[What you will do]: Below are entries with pictures in them. Output exactly the lines starting at the line with "Sterownik do taśm" and ending at the line with "deuterium labeled Gefitinib.", both included, but not the pictures.

___ Dataset records ___

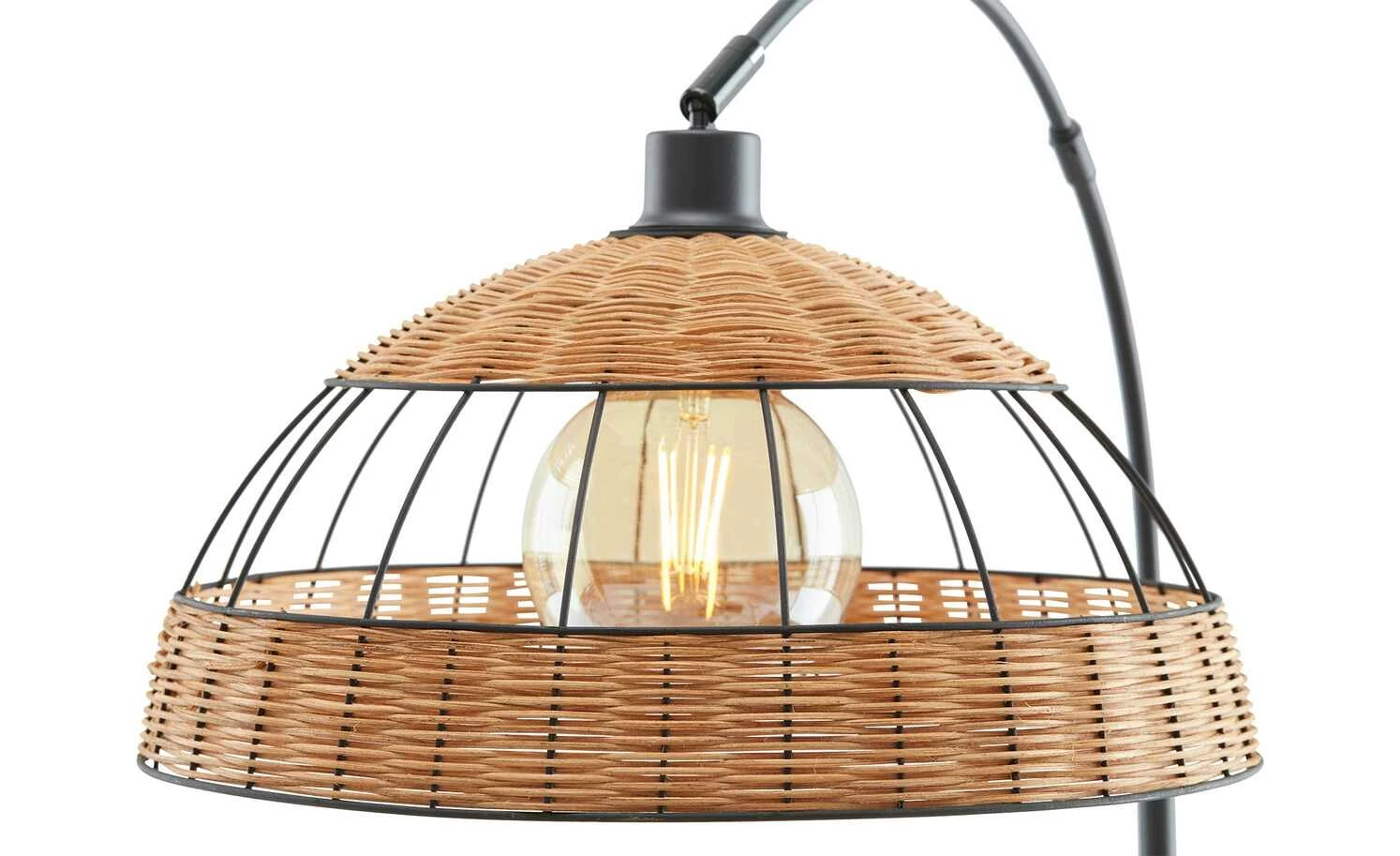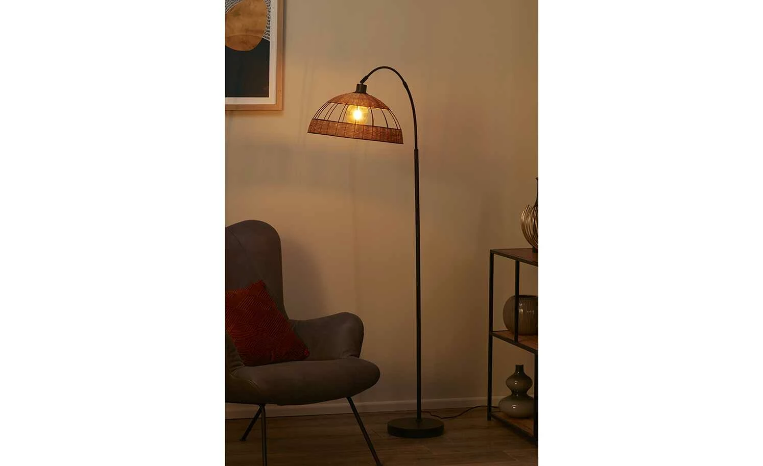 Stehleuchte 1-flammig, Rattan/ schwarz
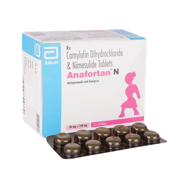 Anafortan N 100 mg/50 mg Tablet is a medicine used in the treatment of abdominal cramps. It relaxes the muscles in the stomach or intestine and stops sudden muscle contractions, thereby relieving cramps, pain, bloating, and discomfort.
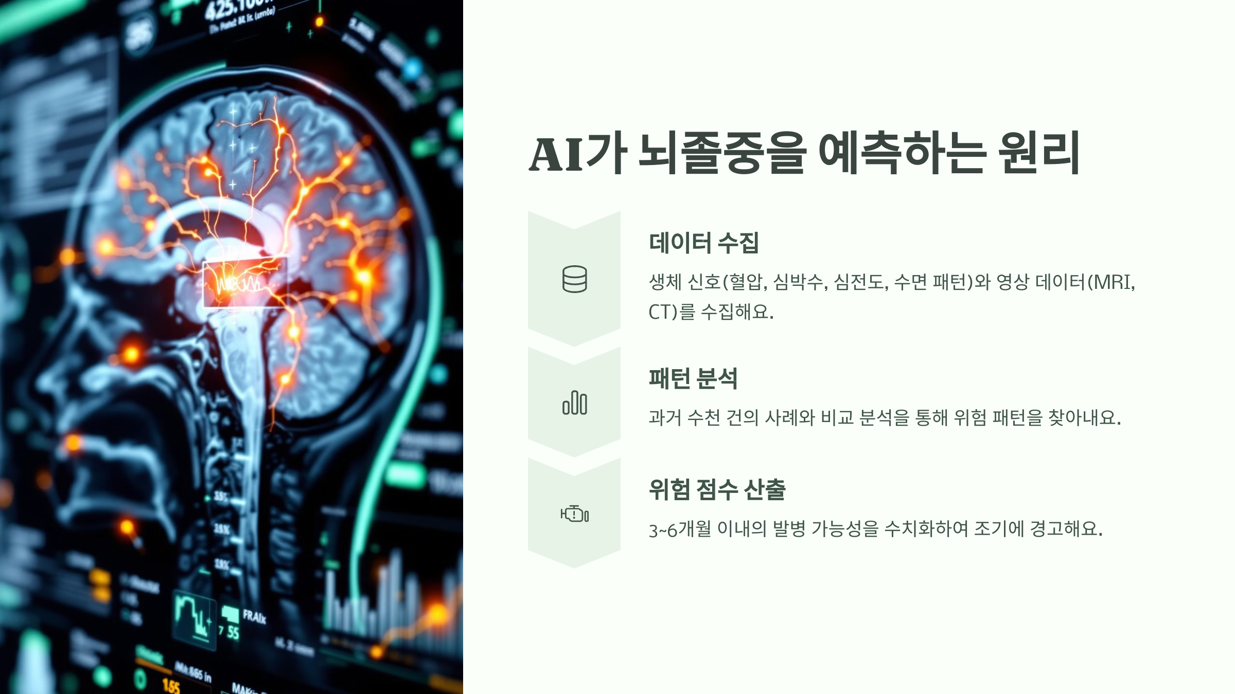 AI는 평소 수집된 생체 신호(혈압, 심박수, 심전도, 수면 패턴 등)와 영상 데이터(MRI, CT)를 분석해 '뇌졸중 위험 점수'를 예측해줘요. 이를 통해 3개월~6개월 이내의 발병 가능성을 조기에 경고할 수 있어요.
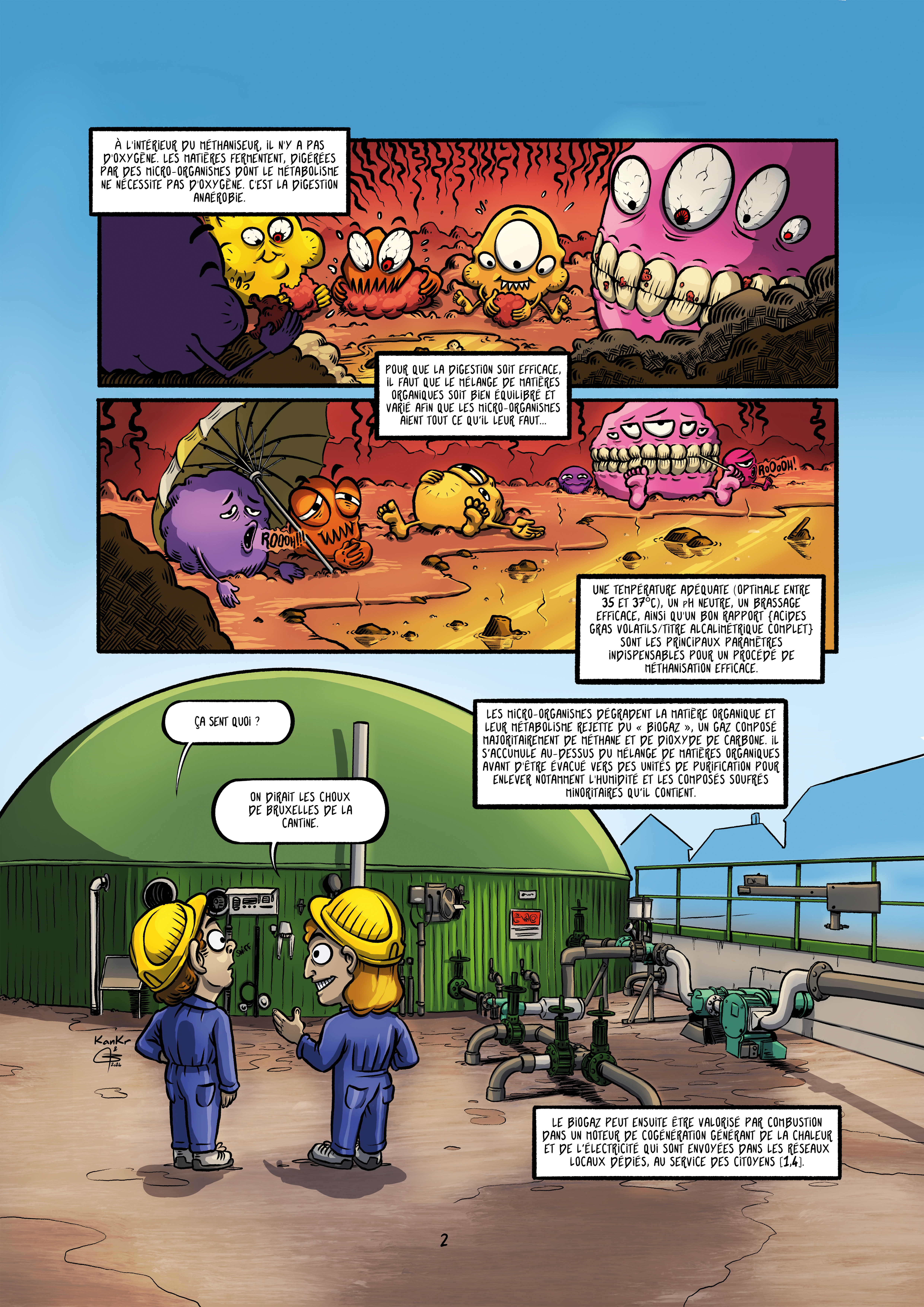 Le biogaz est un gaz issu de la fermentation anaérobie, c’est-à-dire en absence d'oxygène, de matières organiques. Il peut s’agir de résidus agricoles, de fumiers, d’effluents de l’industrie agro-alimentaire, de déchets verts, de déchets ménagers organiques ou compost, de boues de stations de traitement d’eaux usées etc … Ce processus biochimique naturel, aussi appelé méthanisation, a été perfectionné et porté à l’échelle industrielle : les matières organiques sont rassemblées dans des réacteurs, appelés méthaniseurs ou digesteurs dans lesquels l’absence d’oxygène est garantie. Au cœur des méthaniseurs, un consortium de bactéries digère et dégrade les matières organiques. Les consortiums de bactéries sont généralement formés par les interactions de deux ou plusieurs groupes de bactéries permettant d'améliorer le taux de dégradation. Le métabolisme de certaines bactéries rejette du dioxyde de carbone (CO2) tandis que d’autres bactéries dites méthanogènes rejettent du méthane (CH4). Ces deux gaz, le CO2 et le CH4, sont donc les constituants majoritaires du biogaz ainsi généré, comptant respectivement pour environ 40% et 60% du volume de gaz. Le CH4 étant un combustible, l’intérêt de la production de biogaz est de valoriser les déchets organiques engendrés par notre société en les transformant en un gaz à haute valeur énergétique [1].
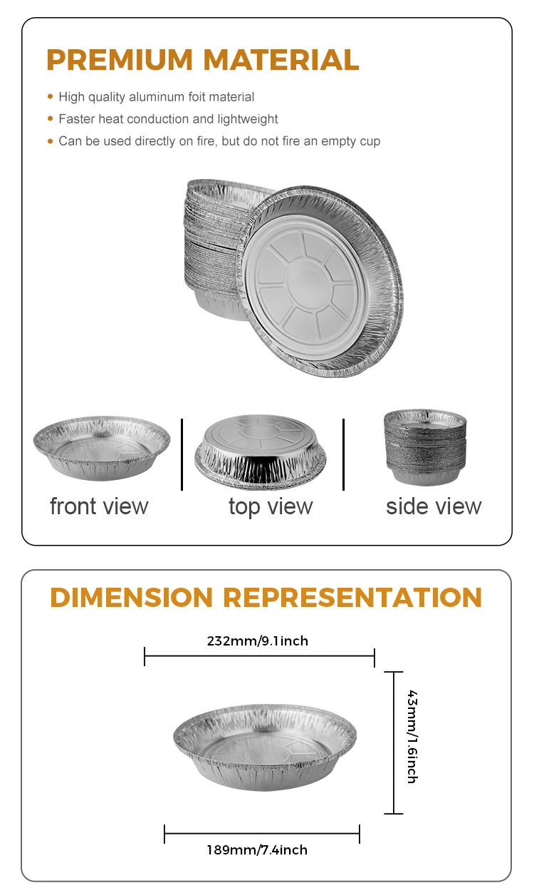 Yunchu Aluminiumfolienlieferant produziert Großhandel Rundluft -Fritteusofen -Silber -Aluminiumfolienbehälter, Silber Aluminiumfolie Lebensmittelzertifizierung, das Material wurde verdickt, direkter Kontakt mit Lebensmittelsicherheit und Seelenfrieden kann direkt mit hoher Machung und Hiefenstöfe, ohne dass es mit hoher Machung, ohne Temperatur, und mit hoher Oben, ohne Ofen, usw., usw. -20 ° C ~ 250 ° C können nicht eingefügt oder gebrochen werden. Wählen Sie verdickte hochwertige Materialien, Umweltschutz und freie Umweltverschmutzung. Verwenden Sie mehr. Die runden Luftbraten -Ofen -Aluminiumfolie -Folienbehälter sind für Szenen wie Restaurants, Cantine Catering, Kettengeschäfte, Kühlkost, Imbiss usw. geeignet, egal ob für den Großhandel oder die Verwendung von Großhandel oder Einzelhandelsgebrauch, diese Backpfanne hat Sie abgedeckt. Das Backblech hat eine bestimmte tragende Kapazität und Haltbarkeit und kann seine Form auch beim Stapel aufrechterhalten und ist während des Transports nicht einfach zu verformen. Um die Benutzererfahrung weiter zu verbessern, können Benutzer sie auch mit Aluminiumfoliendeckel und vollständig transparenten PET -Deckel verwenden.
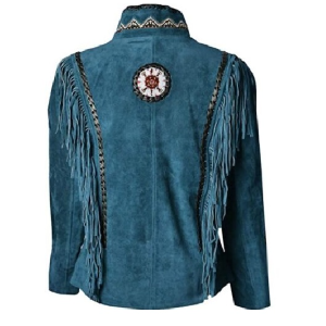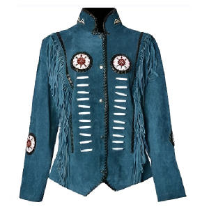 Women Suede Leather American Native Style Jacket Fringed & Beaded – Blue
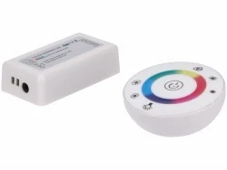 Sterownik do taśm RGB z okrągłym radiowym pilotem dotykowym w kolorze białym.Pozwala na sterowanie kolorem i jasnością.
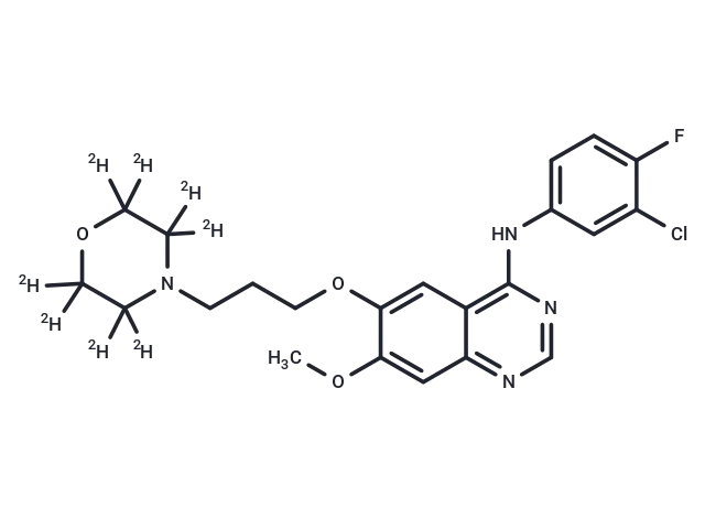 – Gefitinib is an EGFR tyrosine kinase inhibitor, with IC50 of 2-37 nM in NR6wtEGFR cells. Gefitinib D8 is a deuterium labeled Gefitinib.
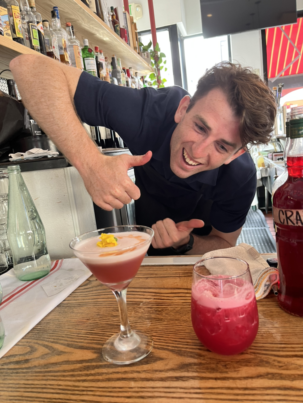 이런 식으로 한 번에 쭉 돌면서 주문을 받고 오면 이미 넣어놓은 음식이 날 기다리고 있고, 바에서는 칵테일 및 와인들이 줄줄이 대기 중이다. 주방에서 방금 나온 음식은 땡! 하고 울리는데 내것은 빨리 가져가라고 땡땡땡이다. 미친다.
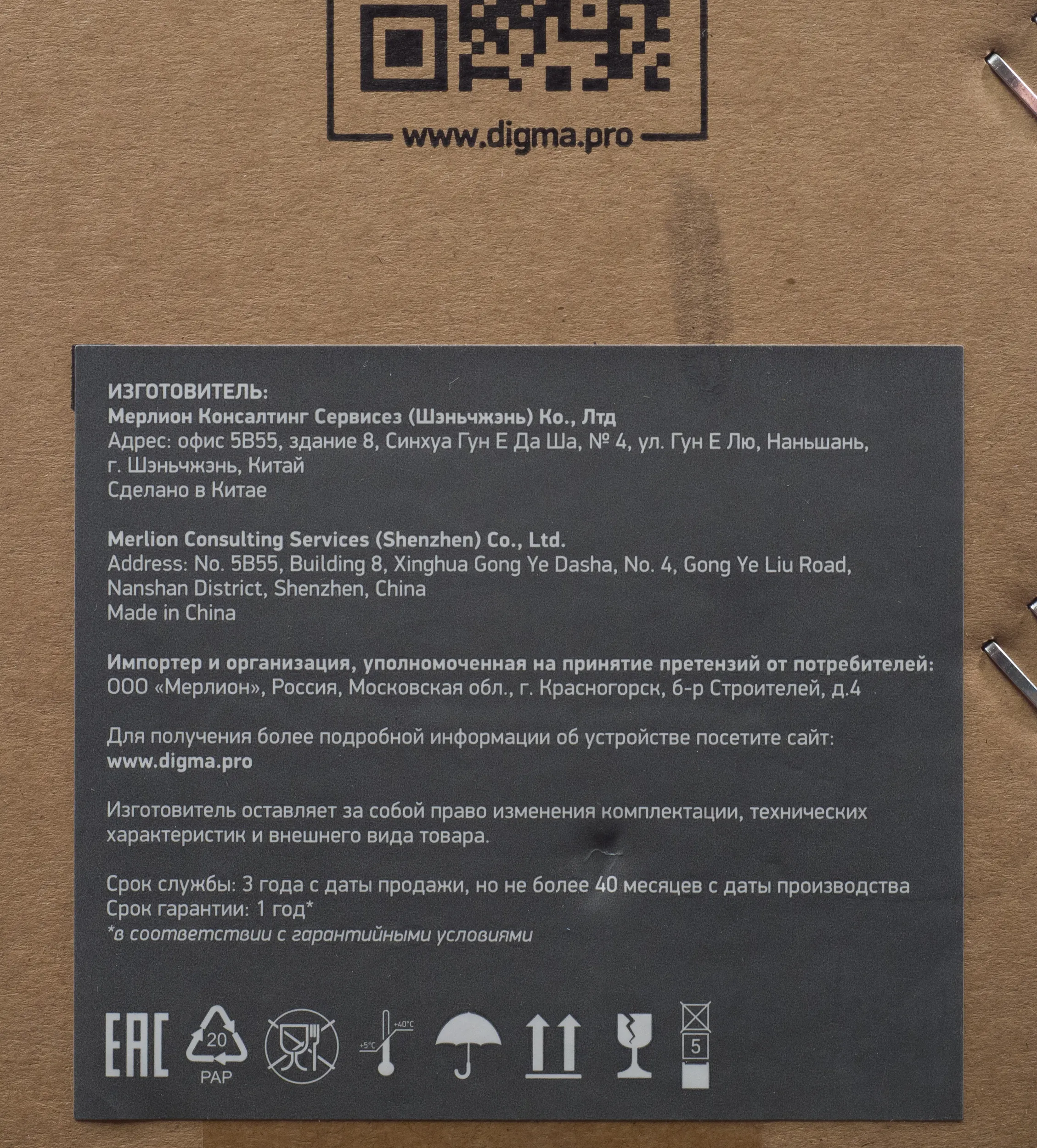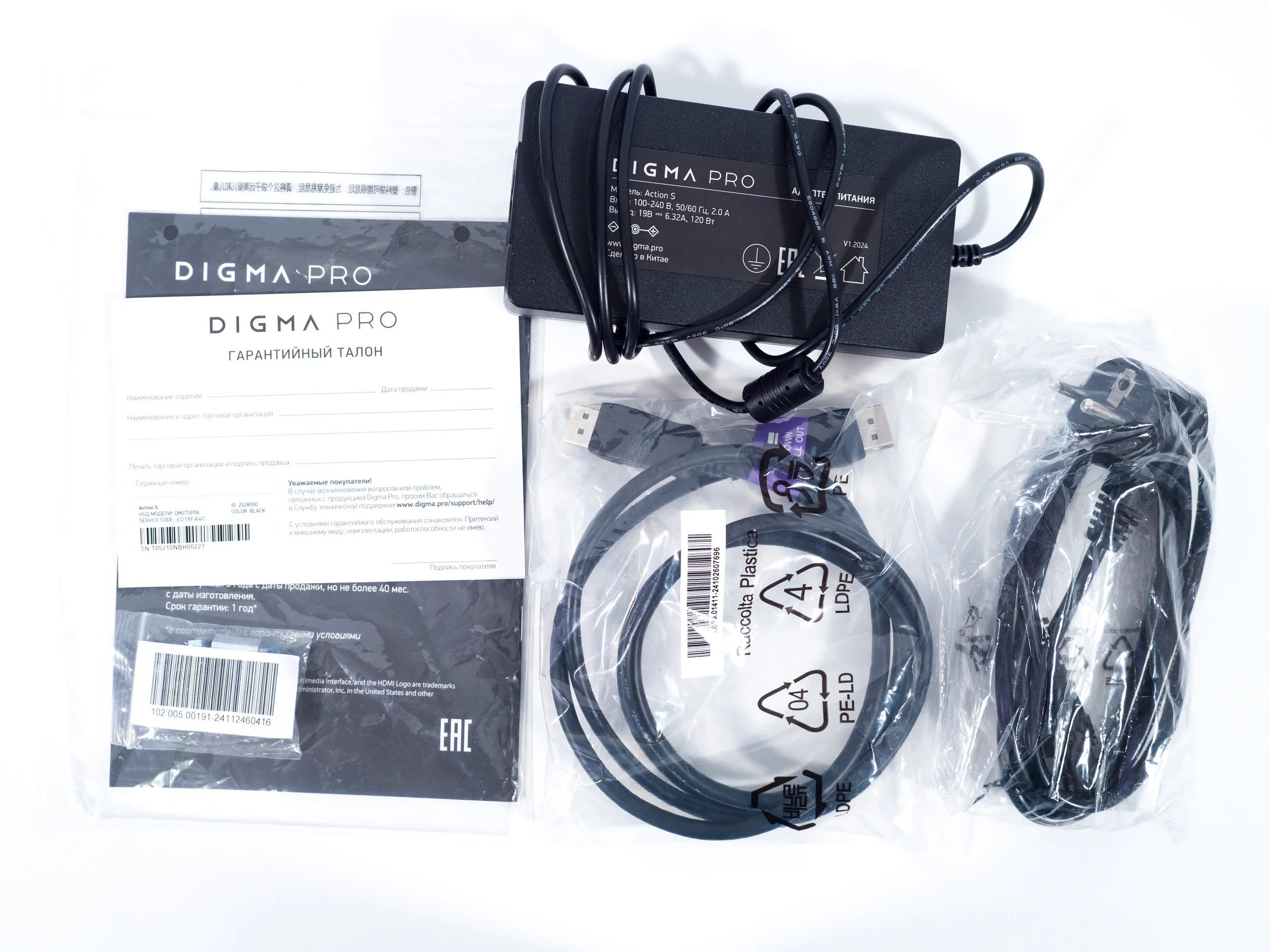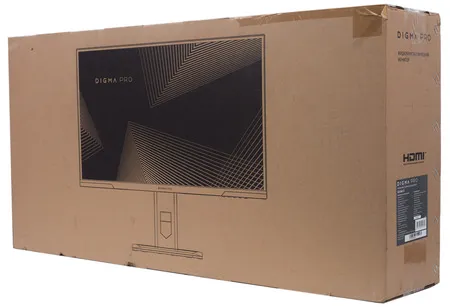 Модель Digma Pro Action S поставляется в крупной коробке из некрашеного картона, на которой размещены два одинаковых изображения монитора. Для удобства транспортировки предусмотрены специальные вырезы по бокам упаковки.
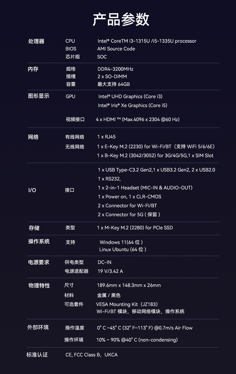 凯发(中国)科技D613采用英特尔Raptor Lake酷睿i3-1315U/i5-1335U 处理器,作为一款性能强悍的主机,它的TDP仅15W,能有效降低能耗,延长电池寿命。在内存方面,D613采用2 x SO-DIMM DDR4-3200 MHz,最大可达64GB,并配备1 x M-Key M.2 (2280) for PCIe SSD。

___

[Response to the exercise]:
 Sterownik do taśm RGB z okrągłym radiowym pilotem dotykowym w kolorze białym.Pozwala na sterowanie kolorem i jasnością.
 – Gefitinib is an EGFR tyrosine kinase inhibitor, with IC50 of 2-37 nM in NR6wtEGFR cells. Gefitinib D8 is a deuterium labeled Gefitinib.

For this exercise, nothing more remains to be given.